Il préférait le mouvement à l'immobilisme, les souplesses aux rigidités, les articles stimulants - comme celui qu'il avait écrit dans Libération - aux orthodoxies niaises et aux contentements béats.

Ils l'ont eu et le pire est qu'on n'a pas cessé de lui mettre de la bêtise dans les roues, du venin dans ses démarches. Pas une seconde sans querelle ni attaques mesquines. Nulle part je n'ai pu lire ou écouter une quelconque défense de sa cause et de sa personnalité. Libération, le Canard, le Monde s'en sont donnés à coeur joie !
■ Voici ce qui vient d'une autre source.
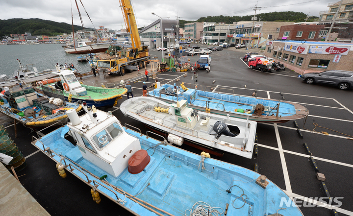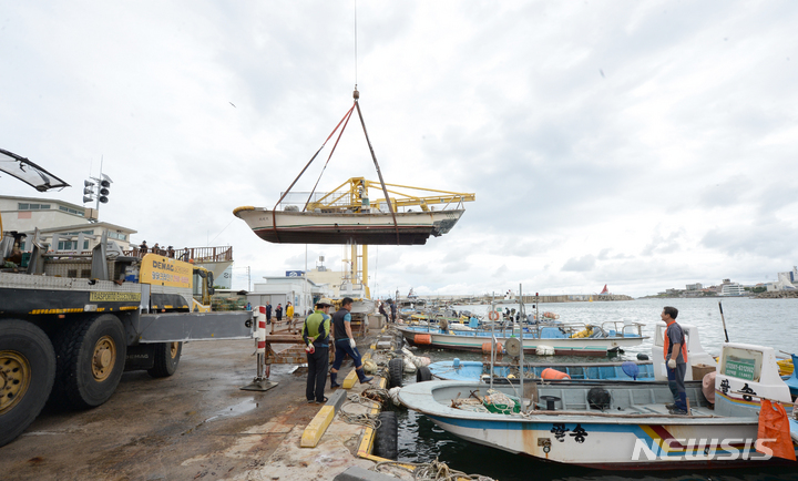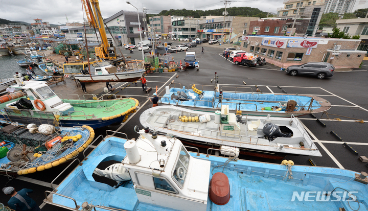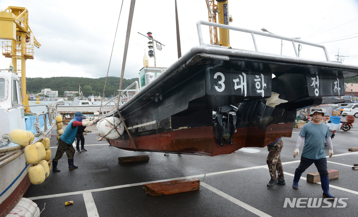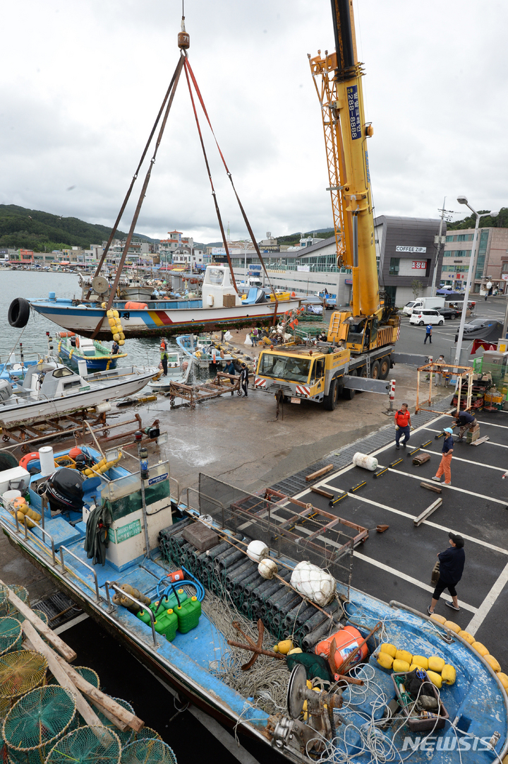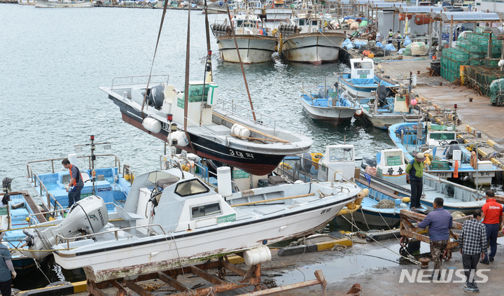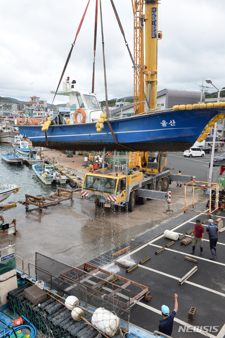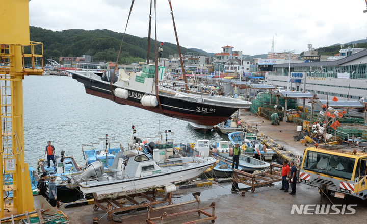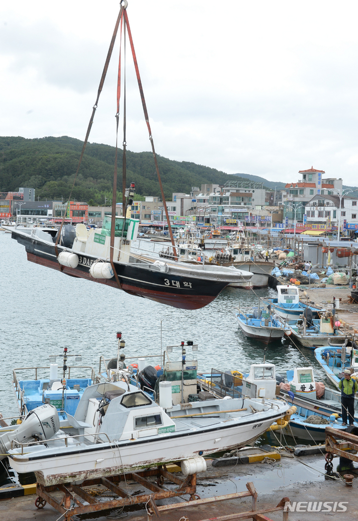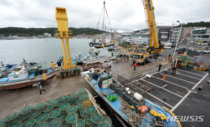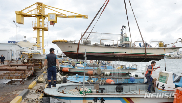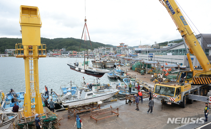 台風11号(アジア名:ヒンナムノー)が北上しつつある2日午前、蔚山市北区の亭子港では、漁業関係者が小型漁船を陸地に移していた。

Pourtant, s'ils l'ont eu, ce n'était pas à cause de ses entreprises mais malgré elles.
Field brillait trop. Journaliste mais si peu classique et banal. Trop intelligent, vif, caustique, tolérant et lucide. Trop impartial alors qu'on lui prêtait soit un sarkozysme délirant soit un macronisme suspect ! Trop politique et si peu politicien... Si solitaire dans un monde qui adore se réchauffer à une fraternité qui ne vient que du nombre et des piètres intérêts à sauvegarder.

Ils l'ont eu.

On va évidemment parler de tant d'autres choses au cours de cette semaine qui a connu d'autres polémiques. Par exemple celle liée au tour de force d'une Vanessa Burggraf qui a trouvé le moyen, avec un questionnement approximatif, de relégitimer une ancienne ministre au bilan désastreux, Najat Vallaud-Belkacem, et alors même que l'Education nationale va enfin être administrée par un grand titulaire compétent et respecté.

Mais mon souci dominant est qu'ils ont eu Michel Field, que France Télévisions a perdu et qu'on va applaudir.

Michel Field est un ami, c'est vrai, mais un ami singulier : je peux dire du bien de lui sans mentir.